• WHAT YOU WILL DO:
Every line from the top of the records below through the one containing "ブラックのシャツは、デニム風" must be copied exactly, and the pictures must not be.

• Dataset records:
------------------------------
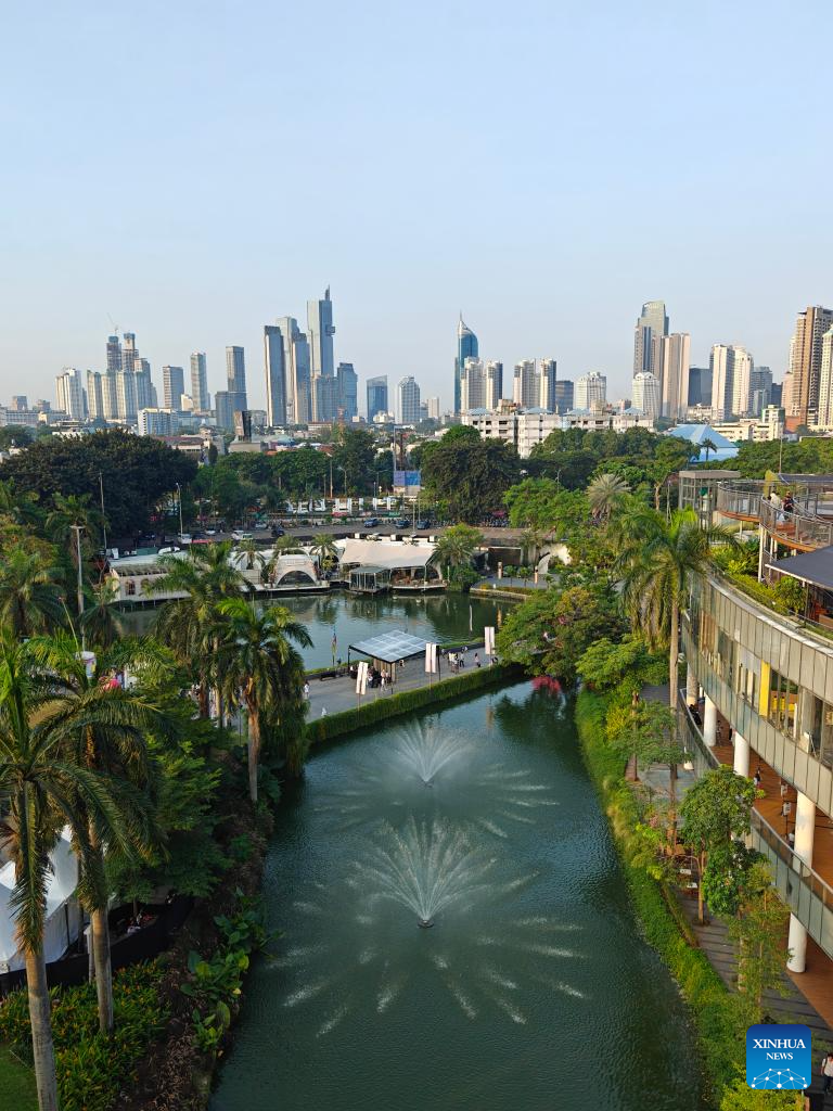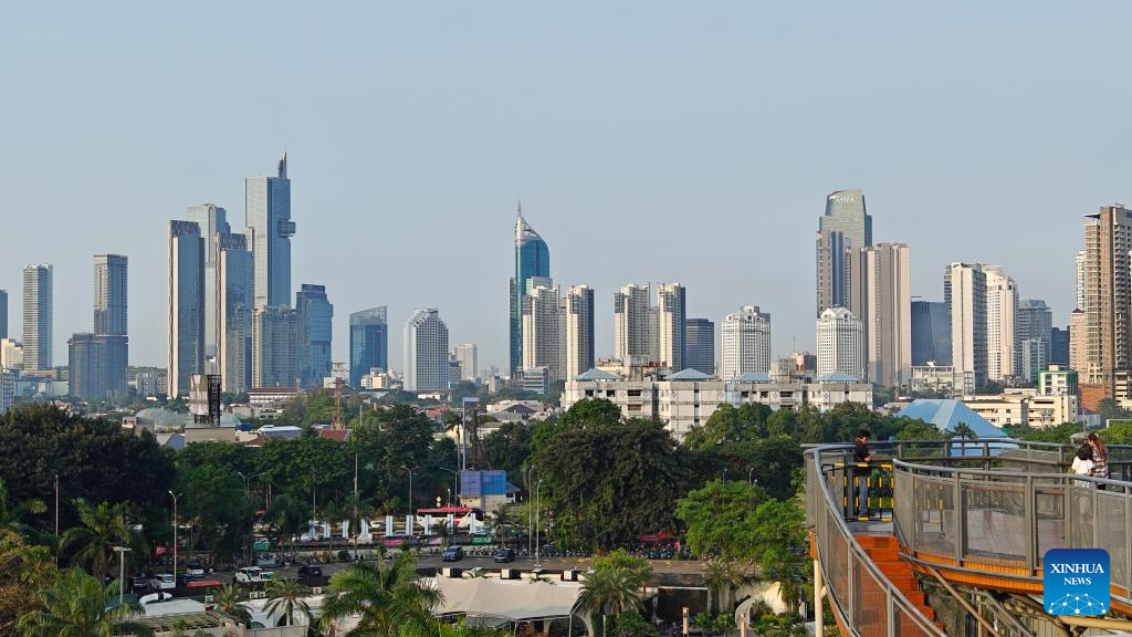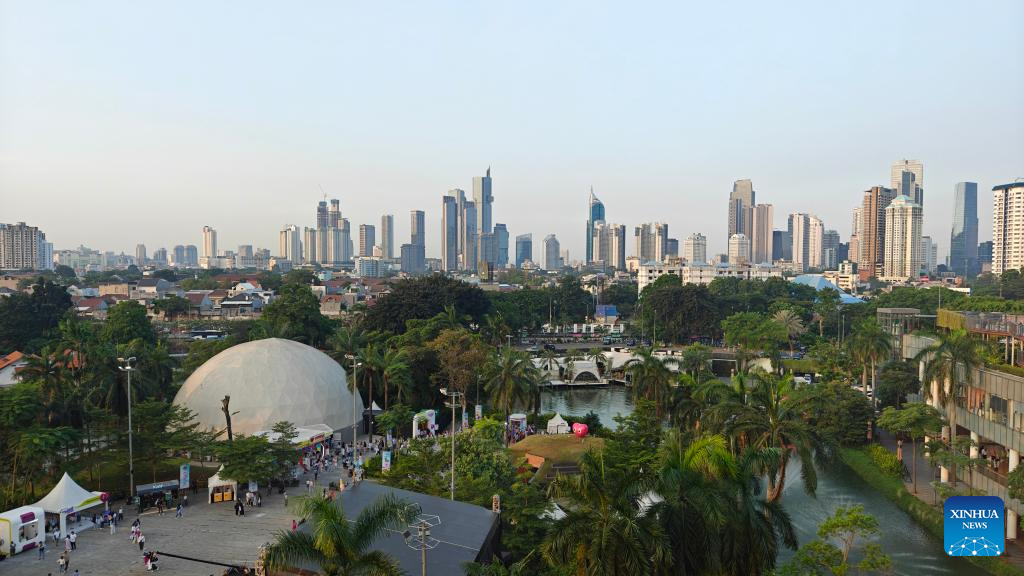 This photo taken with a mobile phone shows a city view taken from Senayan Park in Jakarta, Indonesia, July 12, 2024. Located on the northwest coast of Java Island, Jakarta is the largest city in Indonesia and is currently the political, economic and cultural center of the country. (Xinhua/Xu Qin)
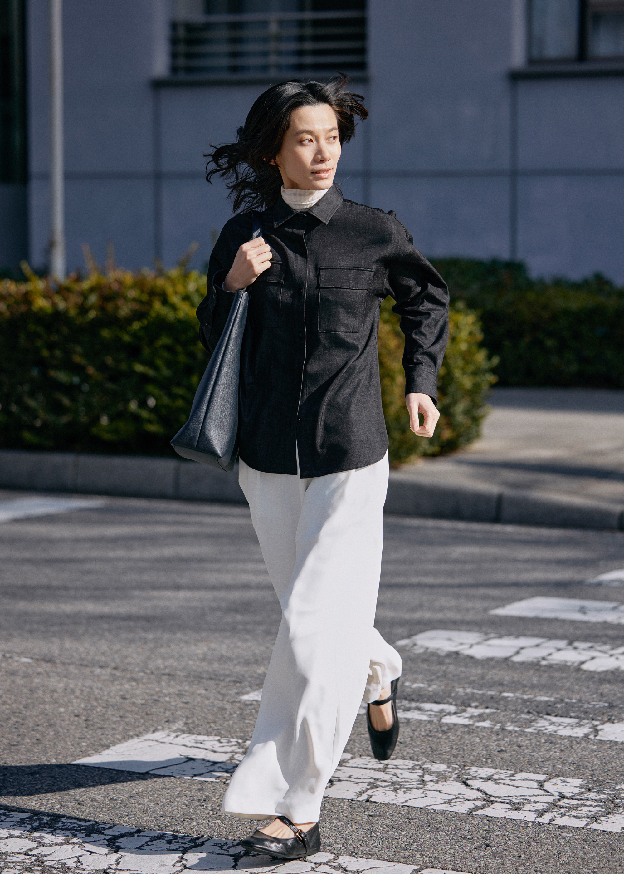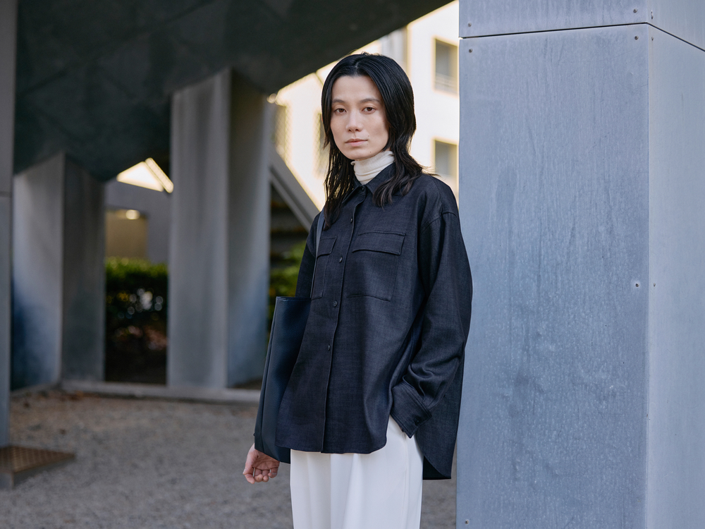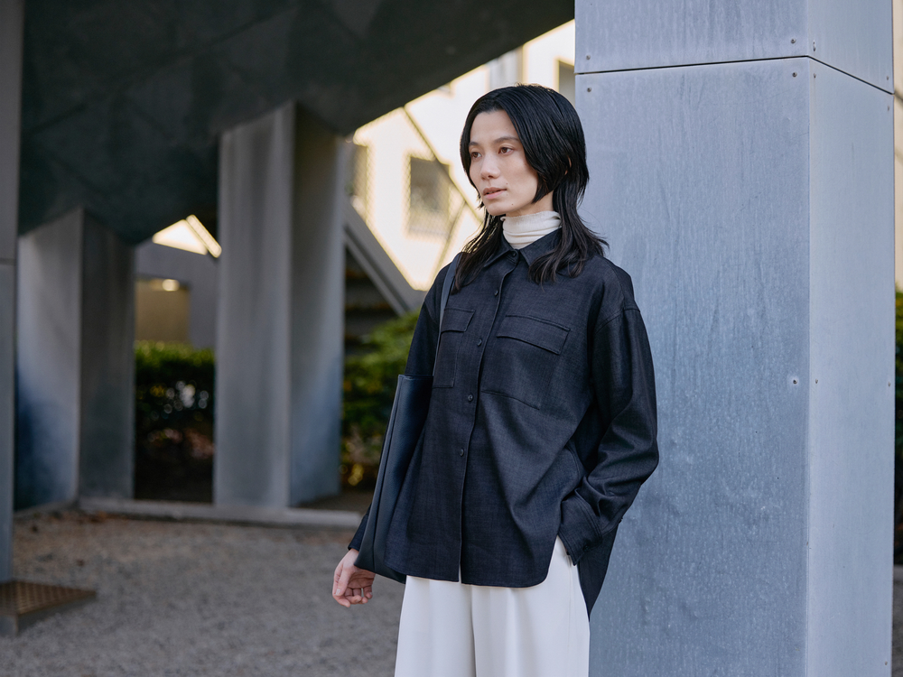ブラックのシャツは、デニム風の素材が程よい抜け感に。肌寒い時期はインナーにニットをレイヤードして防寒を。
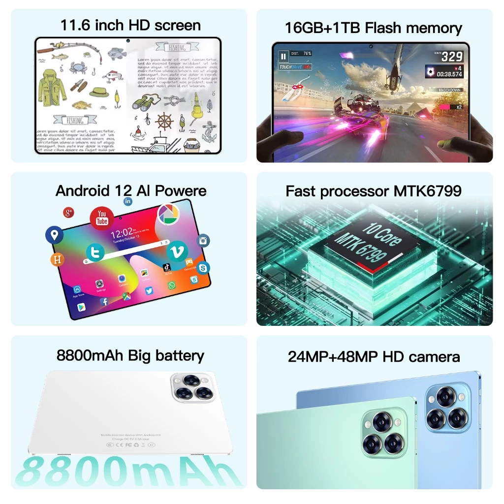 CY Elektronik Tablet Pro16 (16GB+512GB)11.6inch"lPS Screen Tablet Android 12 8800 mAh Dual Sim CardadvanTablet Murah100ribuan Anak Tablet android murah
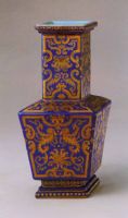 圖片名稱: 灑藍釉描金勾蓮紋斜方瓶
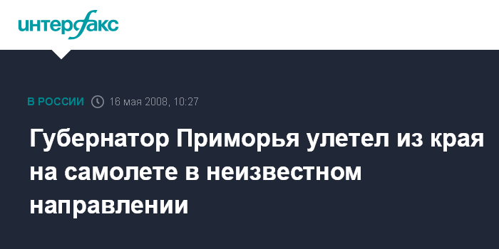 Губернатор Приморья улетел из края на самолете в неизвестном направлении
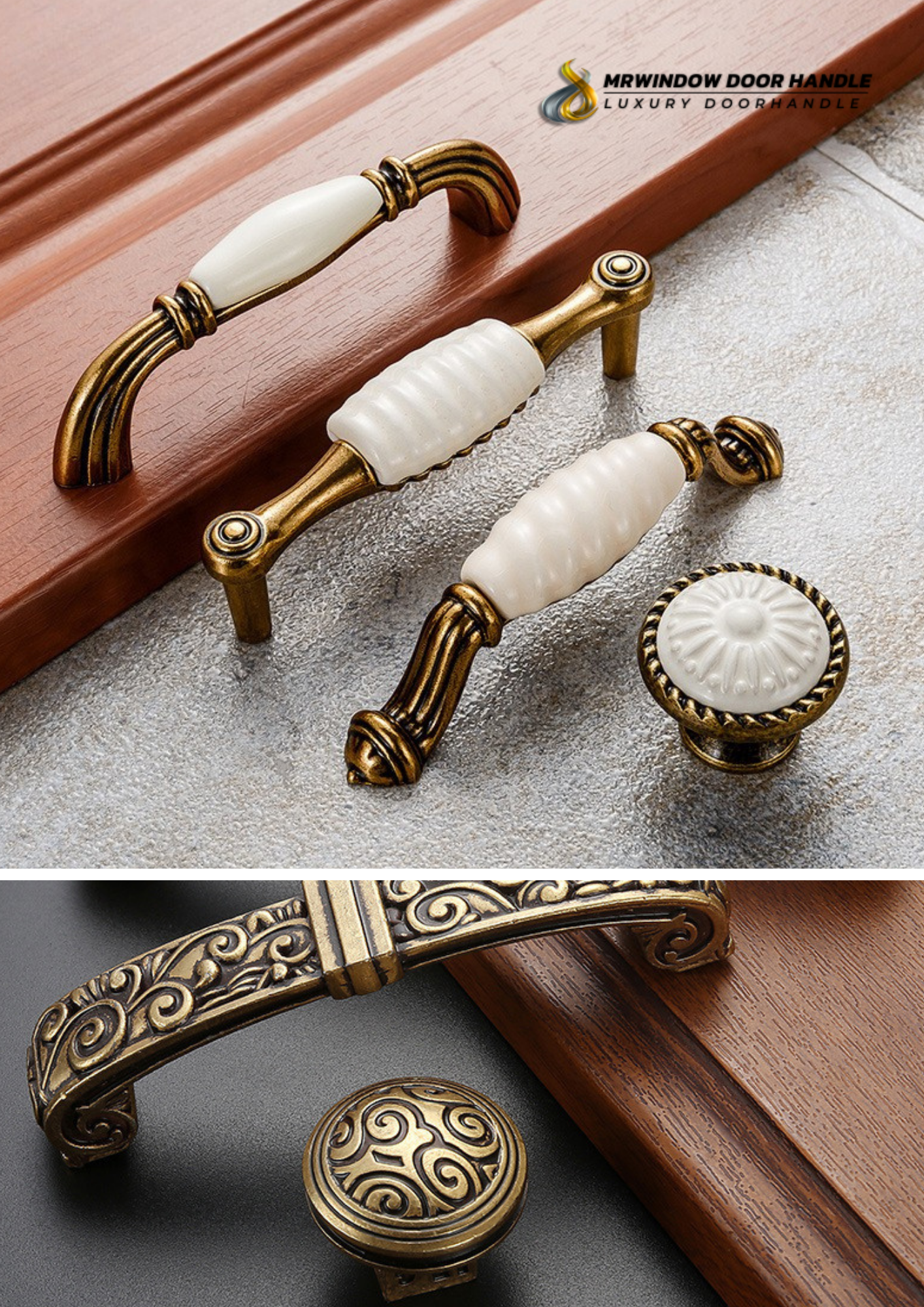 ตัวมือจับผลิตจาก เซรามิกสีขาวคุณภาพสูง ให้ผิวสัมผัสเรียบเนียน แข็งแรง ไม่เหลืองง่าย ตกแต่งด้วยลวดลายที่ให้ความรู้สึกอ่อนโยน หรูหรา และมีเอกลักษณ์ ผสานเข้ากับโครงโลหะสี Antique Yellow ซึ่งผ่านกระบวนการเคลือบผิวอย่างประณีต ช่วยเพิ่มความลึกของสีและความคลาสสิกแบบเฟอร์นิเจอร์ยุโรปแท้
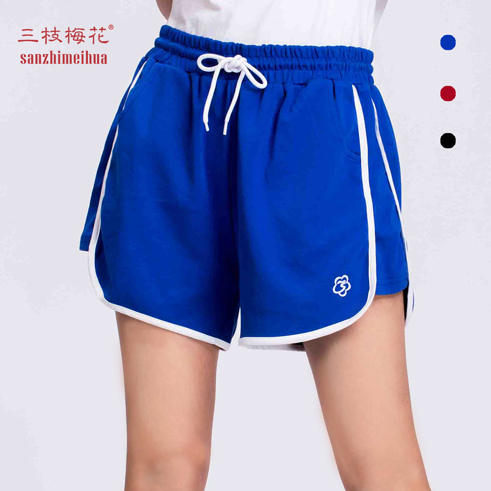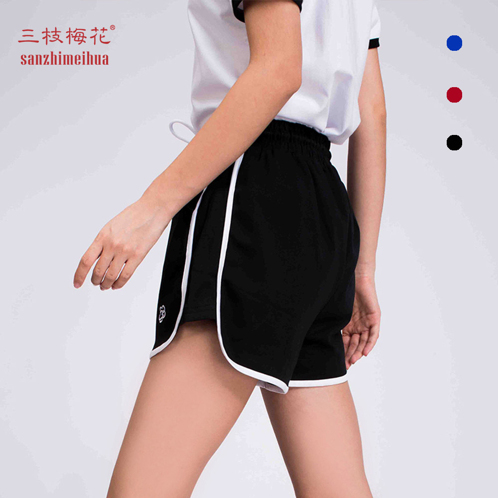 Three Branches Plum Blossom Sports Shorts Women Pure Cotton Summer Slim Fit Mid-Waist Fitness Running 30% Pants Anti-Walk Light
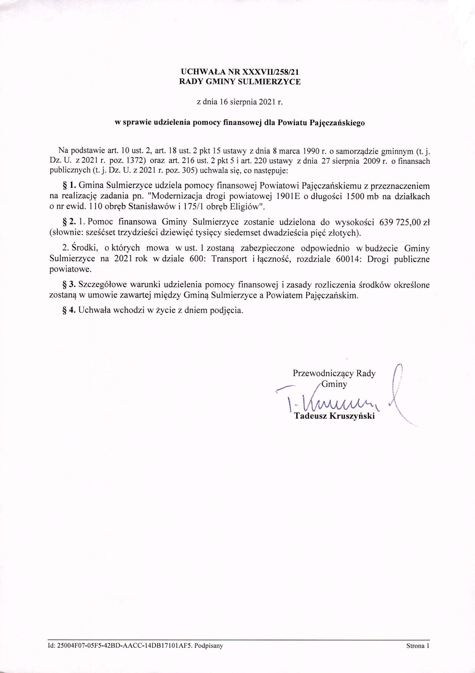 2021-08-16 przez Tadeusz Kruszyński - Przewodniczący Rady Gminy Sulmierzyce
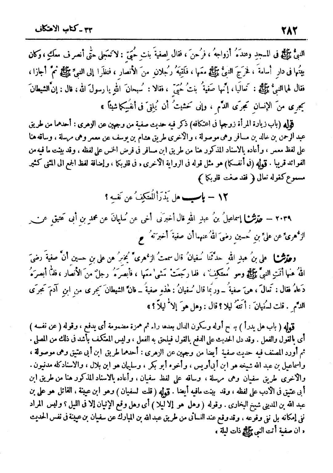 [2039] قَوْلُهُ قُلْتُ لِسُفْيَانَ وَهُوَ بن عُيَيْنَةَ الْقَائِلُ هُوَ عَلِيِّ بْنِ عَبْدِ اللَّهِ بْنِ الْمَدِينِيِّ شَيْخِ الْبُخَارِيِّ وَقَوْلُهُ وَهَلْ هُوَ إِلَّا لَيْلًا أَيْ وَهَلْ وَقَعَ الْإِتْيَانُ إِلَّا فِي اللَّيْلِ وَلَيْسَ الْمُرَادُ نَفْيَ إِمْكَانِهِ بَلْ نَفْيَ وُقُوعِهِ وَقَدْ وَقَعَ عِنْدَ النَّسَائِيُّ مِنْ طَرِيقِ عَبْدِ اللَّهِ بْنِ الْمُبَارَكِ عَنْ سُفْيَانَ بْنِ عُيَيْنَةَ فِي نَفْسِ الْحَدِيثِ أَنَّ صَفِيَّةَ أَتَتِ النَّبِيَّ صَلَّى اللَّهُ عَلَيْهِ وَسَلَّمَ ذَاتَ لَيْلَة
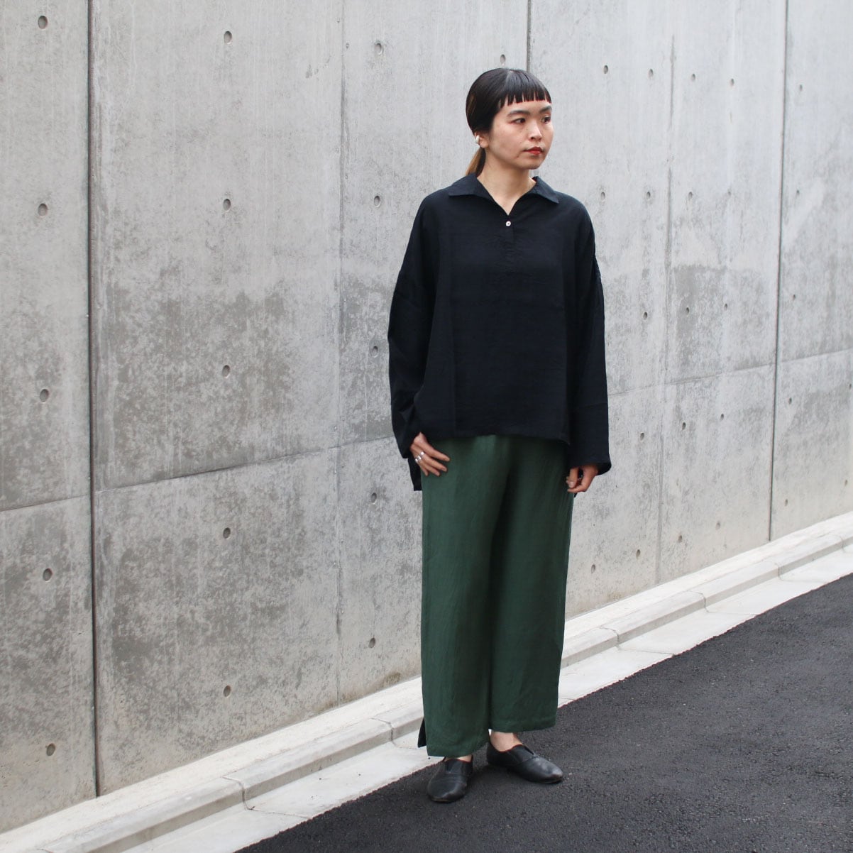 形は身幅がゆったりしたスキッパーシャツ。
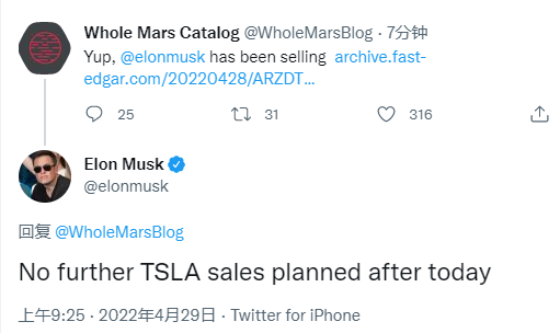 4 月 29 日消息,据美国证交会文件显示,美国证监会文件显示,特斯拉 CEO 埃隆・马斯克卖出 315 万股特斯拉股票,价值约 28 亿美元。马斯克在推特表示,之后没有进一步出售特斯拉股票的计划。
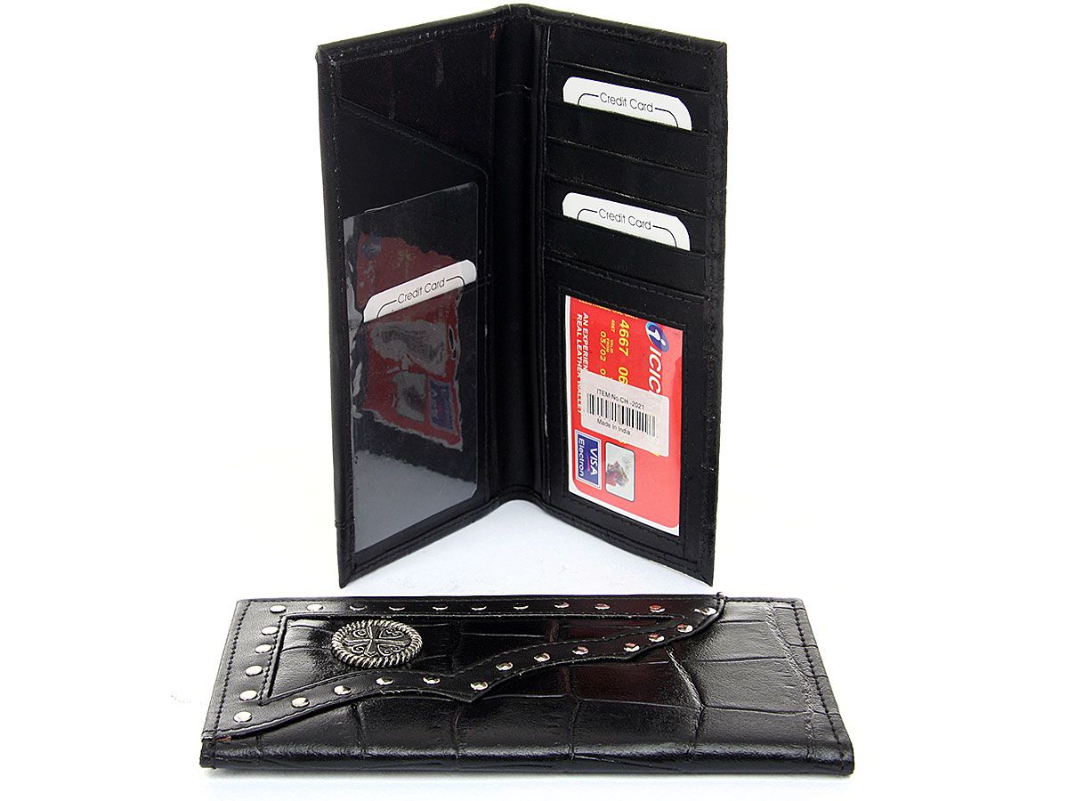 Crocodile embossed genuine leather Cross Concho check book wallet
------------------------------
• TASK ANSWER:
 This photo taken with a mobile phone shows a city view taken from Senayan Park in Jakarta, Indonesia, July 12, 2024. Located on the northwest coast of Java Island, Jakarta is the largest city in Indonesia and is currently the political, economic and cultural center of the country. (Xinhua/Xu Qin)
ブラックのシャツは、デニム風の素材が程よい抜け感に。肌寒い時期はインナーにニットをレイヤードして防寒を。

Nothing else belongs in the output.